The new rule of book discovery is find, remember, trust.

That differentiation is everything.


What Actually Changed

For years, the conventional wisdom for authors was: build a website, grow an email list, post on social media, and eventually readers would find you. The journey was slow but the path was clear.

That path is gone.

Google Search traffic is dropping across the publishing industry. Readers are no longer typing "books like Off Campus" into a search bar. (And when they are searching the old fashioned way, the first results they see are AI generated.)

They're opening Instagram or TikTok and watching a video where someone explains exactly how Elle Kennedy's books go deeper than the Prime TV show. They're scrolling Instagram and seeing a carousel of hockey romance recommendations. They're on Threads live posting their reactions to the show.

This is what the marketing world calls social discovery. And it's now the dominant way new content (including new books) gets found.

A few numbers from SMMW 2026 that stopped me in my tracks:

  • 1 in 4 users search within the first 30 seconds of opening an app
  • 50% of Instagram is now Reels and video content
  • 200+ billion Reels are watched daily
  • Active social discovery (TikTok, Instagram) is now outpacing passive discovery (the feed)

Your reader isn't going to Google to find her next book. She's scrolling. She's searching in-app. She's discovering through social proof from people whose taste she trusts.

And the question becomes: when she searches, can she find you?


The Trust Matrix: From Know-Like-Trust to Find-Remember-Trust

Judi Fox, a LinkedIn strategist whose session at SMMW absolutely shifted my thinking, has named the framework I've been circling for months.

The reader journey used to look like this:

Know → Like → Trust → Buy

The reader stumbled across you from the algorithm, decided you seemed likeable, developed trust over time, and eventually bought your book.

In 2026, the journey looks like this:

Find → Remember → Trust → Buy

The reader has to be able to find you first. She has to remember you across multiple touchpoints. And then she trusts you. The order is different. The work is different.

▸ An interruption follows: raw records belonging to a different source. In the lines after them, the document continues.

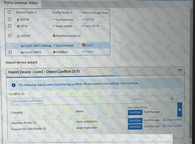 A policy package conflict status and information from the import device wizard in the Core1 VDOM are shown. When you import a policy package, the following message appears for the Web_restrictions web filter profile and the deep-inspection SSL-SSH profile: "The following objects were found having conflicts. Please confirm your settings, then continue." The Web_restrictions and deep-inspection profiles are used by other FortiGate devices within FortiManager. Which step must you take to resolve the issue? (Choose one answer)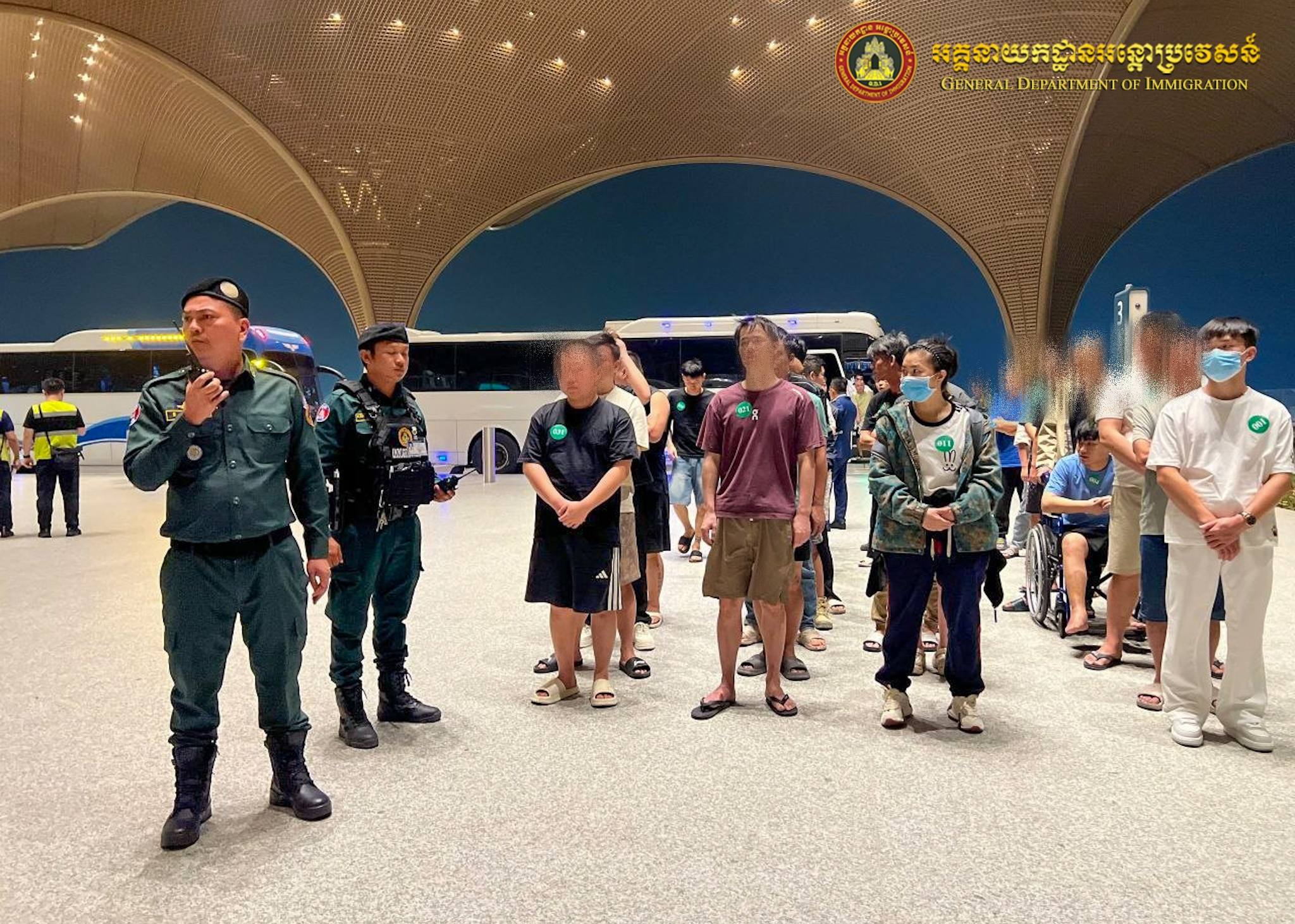 នៅយប់ថ្ងៃទី២៧ ឈានចូលថ្ងៃទី២៨ ខែមីនា ឆ្នាំ២០២៦ អនុវត្តតាមអនុសាសន៍ដ៏ខ្ពង់ខ្ពស់ របស់ឯកឧត្តមអភិសន្តិបណ្ឌិត ឧបនាយករដ្ឋមន្ត្រី រដ្ឋមន្ត្រីក្រសួងមហាផ្ទៃ ឯកឧត្តម សន្តិបណ្ឌិត និងថ្នាក់ដឹកនាំក្រសួងមហាផ្ទៃ ឯកឧត្តម ឧត្តមសេនីយ៍ឯក សុខ វាសនា អគ្គនាយកអន្តោប្រវេសន៍ បានណែនាំឱ្យនាយកដ្ឋានស៊ើបអង្កេត និងអនុវត្តនីតិវិធី សហការជាមួយស្ថានទូតចិនប្រចាំនៅព្រះរាជាណាចក្រកម្ពុជា បន្តធ្វើការបណ្តេញជនជាតិចិនសរុបចំនួន ៣២៧នាក់ (ស្រី២០នាក់) ពាក់ព័ន្ធករណីឆបោកតាមប្រព័ន្ធអនឡាញ (Online Scams) និងករណីលួចស្នាក់នៅ ធ្វើការងារខុសច្បាប់ ត្រូវបានបណ្ដេញចេញតាមរយៈយន្តហោះពិសេស នៅប៉ុស្តិ៍នគរបាលច្រកទ្វារអាកាសអន្តរជាតិតេជោ។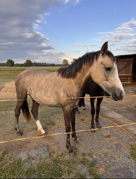 Verkaufe deutsche Reitpony-Stute, geboren 2023. Die elegante und talentierte Jungstute ist ideal für den Dressursport und überzeugt durch ihre angenehme Charaktereigenschaft Perfekt für ambitionierte Reiter, die ein vielversprechendes Nachwuchstalent suchen. Sie ist mit gleichaltrigen Ponys in Offenstallhaltung aufgewachsen und steht aktuell in einer gemischten Herde im Offenstall. Tägliches Hufe geben, putzen, sowie verladen ist für sie kein Problem. Sie ist dabei immer brav. Selbstverständlich wird sie regelmäßig entwurmt, geimpft und dem Hufschmied vorgestellt. Als Fohlen prämiert. Sie wird nur in ein liebevolles und förderndes 5 Sterne Zuhause verkauft. Die letzten Bilder sind von den Eltern. Bei Interesse stehe ich gerne für weitere Informationen und eine Besichtigung zur Verfügung.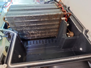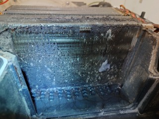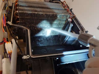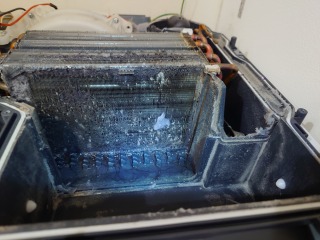 この機種のヒートポンプユニット内部清掃は、標準作業です。エバポレーター(熱交換器)に目詰まりが発生しています。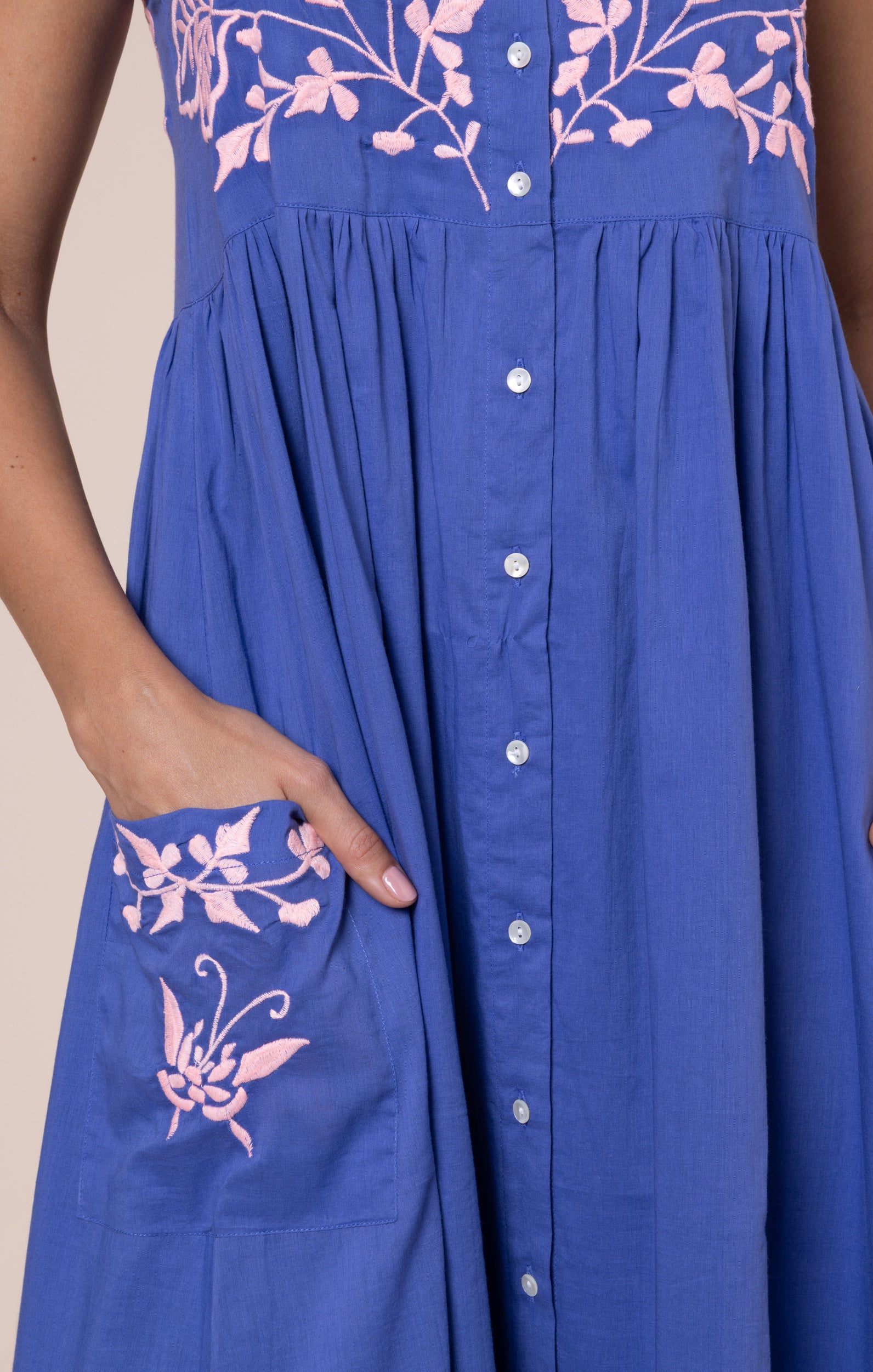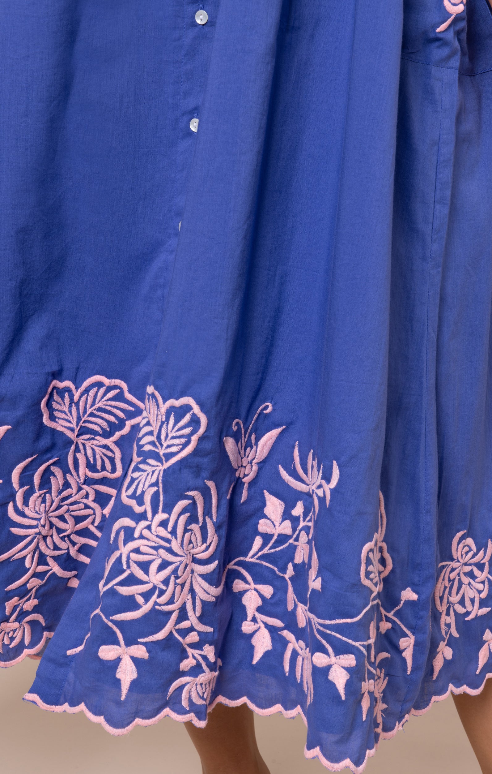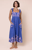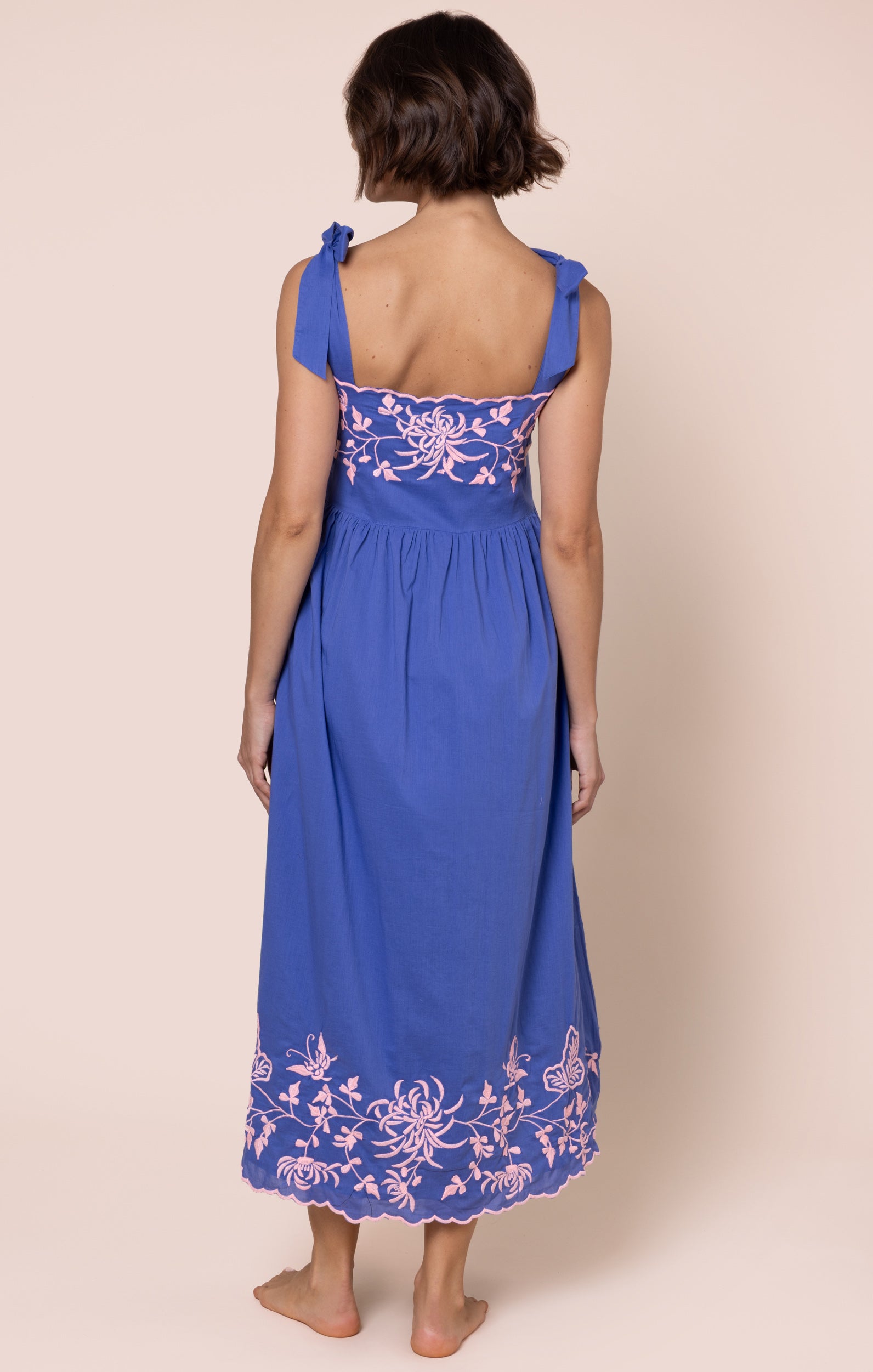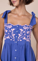 Denim Blue Tie Shoulder Dress with Butterfly Embroidery

You can't be trusted before you're found.

The other day I described it like this for indie authors: traditionally published authors or well-known authors are able to rely on NYT Bestseller lists for their readers. Indie authors have to give the readers a reason to REMEMBER them and relate to them. We'll talk more about how your bio can build the "Remember" part, but for now we are breaking down the "FIND."

Find: Be Discoverable

This is the new starting line. If your content isn't optimized to be found (through search keywords, hashtags, on-screen text, platform-native SEO, and GEO), the rest of the journey never starts.

For authors, this means your bio, your captions, your on-screen video text, and your post topics need to mirror the way your readers actually search. Genre keywords. Trope names. Comp-author tags. The specific words your dream reader is typing into TikTok and Instagram search bars.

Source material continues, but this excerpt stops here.